Walking in a smoke screen

One of the definitions of the phrase “smoke screen” is : [noun] an action intended to conceal or confuse or obscure. In military terms it’s a way of preventing the other side from precisely seeing your movements in time to take action. I couldn’t find the exact origin of the phrase, but I discovered references to it that predate World War I.

In time of war we have to believe a smoke screen is a wonderful tool to reach an end goal. It’s used when few other options still exist and is, frankly, easily implemented. However, in regard to the creation of laws by politicians, the smoke screen tactic should be viewed as unethical. In our long political history as a nation we can find only a few examples of this practice prior to World War I. Perhaps it was the advent of modern communications that seduced law makers to use smoke screens to enact their agendas because in the light of a clear battle field their plans would be shot down.

I can cite a number of occasions that the smoke screen was used to enact laws that ended up being very unpopular once the smoke cleared. By then, the challenge to repeal a law was even more difficult.

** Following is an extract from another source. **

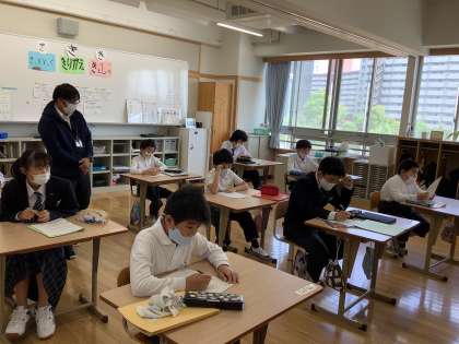 算数は5〜9年生のたてわりグループで学習しています。毎時間,めあてを明確にしながら学習を進めています。宿題はもちろん,自主学習もどんどん進めてほしいです。
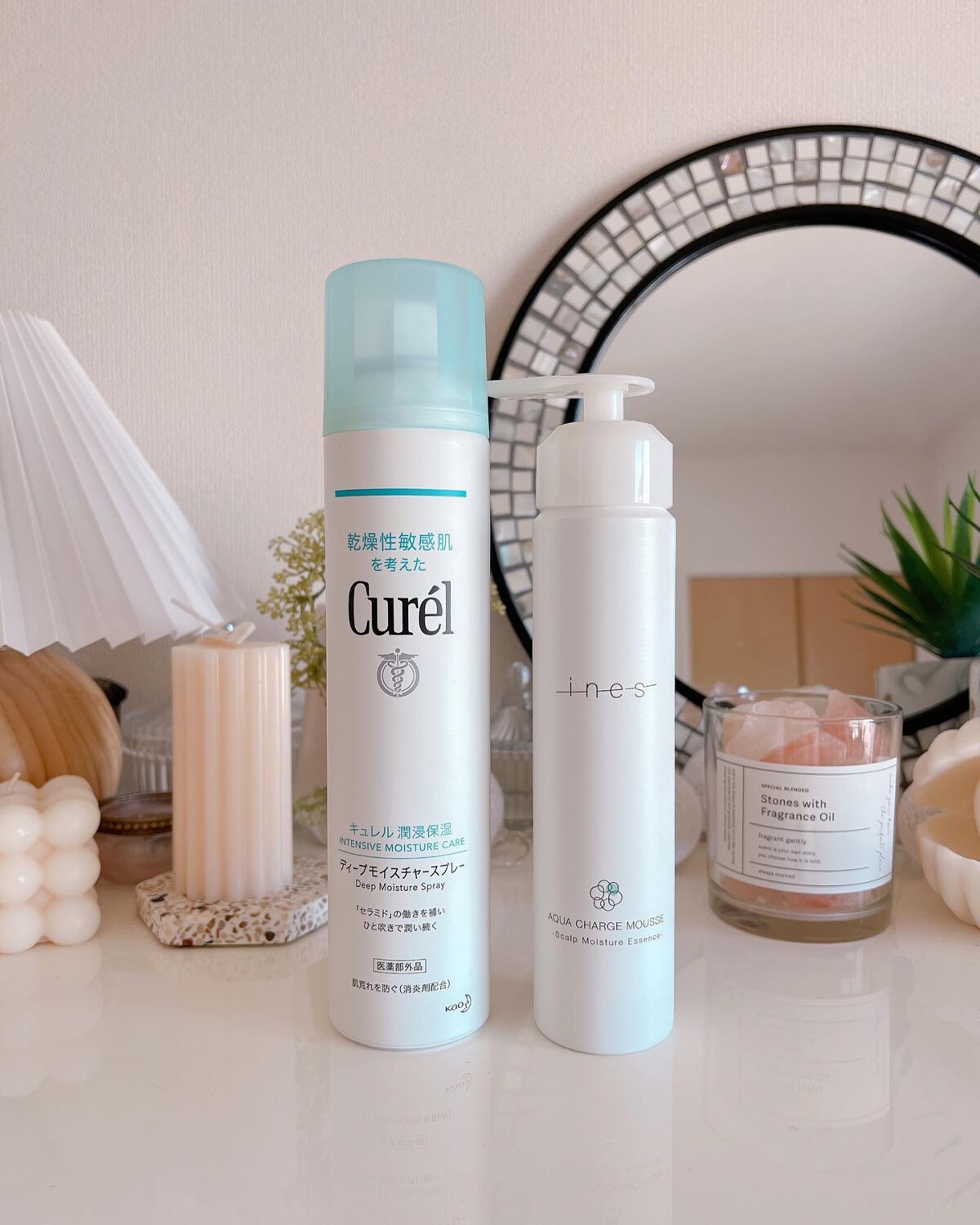 キュレル ディープモイスチャースプレー1日中使える顔・からだ用のミスト状化粧水。お風呂上がり、メイクの上から、デリケートなお子さまの肌にも。やさしい噴射のスプレーでしっとりした使い心地です ( ˃ ᵕ ˂ ) ines アクアチャージムース(スカルプ保湿美容液)8月10日に発売したばかり❤︎「炭酸泡の美容ムース」の頭皮用保湿美容液。洗髪しタオルドライした後に、濡れた髪に使います。もっちりした泡で清涼感があるよ.ᐟ.ᐟ

The entire discussion of federal income tax is one such occasion. One side of the political aisle claimed it was a way to make the wealthy pay to help the poor, that the taxation would never be applied to the middle and lower class. In point of fact, federal income tax has never been fully ratified by two thirds majority of the states, yet, here we have it. The reality is that once adopted we all were required to pay taxes on our income. It took a bit of time to trickle down, but no one can deny this fact.